How To ‘Manage’ A Changing Economy

Harvard Business School’s Tata Hall

As the world endures the aftershocks of Brexit, the election of Donald Trump, and other political temblors, Harvard Business School is aiming to guide executives through the ever-shifting global climate. Yesterday (February 21), the school announced its latest addition to an ever-growing smorgasbord of executive education offerings. Managing Opportunity and Risk in the Global Economy, to be held at Harvard Business School’s Boston campus from April 9-12, is designed to help executives of large multinational organizations understand how “the complex factors affecting business results is critical, particularly amid global political changes with the potential to transform economic conditions,” according to a statement released by the school.

“In this era of rapid global change, it is more important than ever for decision-makers to understand the processes and trends that are reshaping our business climate,” Frances Frei, UPS Foundation professor of service management and senior associate dean for executive education at Harvard Business School, said in a release from the school. “To be profitable, today’s business leaders must understand nuanced global factors. With that in mind, this program will prepare participants to take advantage of emerging opportunities, mitigate political and economic risk, and drive sustainable success.”

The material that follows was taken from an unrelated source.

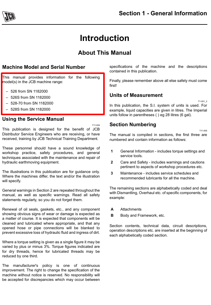 This publication is designed for the benefit of JCB Distributor Service Engineers who are receiving, or have received, training by JCB Technical Training Department.

Participants in the four-day program — which is based on an MBA course and carries a price tag of $9,250 — will dive into the topics of dynamics of globalization, drivers of global business conditions, and the impact of national policies on economic performance and business strategy. Typical for HBS, the courses will be structured around case studies, group projects, and guest lecturers.

“All managers make decisions in an environment that is shaped by international macroeconomic conditions, regardless of whether their organization operates globally,” Laura Alfaro, a professor of business administration and faculty chair of the program, said in the release. “Executives who are mindful of global economic trends and who use those insights to develop smarter strategies for their organizations are at a competitive advantage. Our goal is to provide executives with the skills and tools they need to respond to shifting global conditions.”


According to the school, the program is open to pretty much anyone at a senior management level at an “established multinational firm” or an organization growing into a global presence. Individuals and teams from anywhere in the world are encouraged to apply. However, in addition to the five-page HBS application, applicants must submit a nomination and sponsorship by their current employer.

Launched more than 70 years ago, the executive education program at HBS has seen more than 175,000 executives from more than 200 different countries participate in its programs. In 2016, HBS faculty “developed and delivered” 64 exec ed programs around the world. Each year the school offers more than 160 programs in which more than 9,000 executives participate, making it one of the most robust exec ed networks on the globe.

At least 80 of those programs are open-enrollment and are primarily offered in Boston, Europe, China, and India. Other courses range from topics like launching new ventures to growing family businesses to “changing the game.”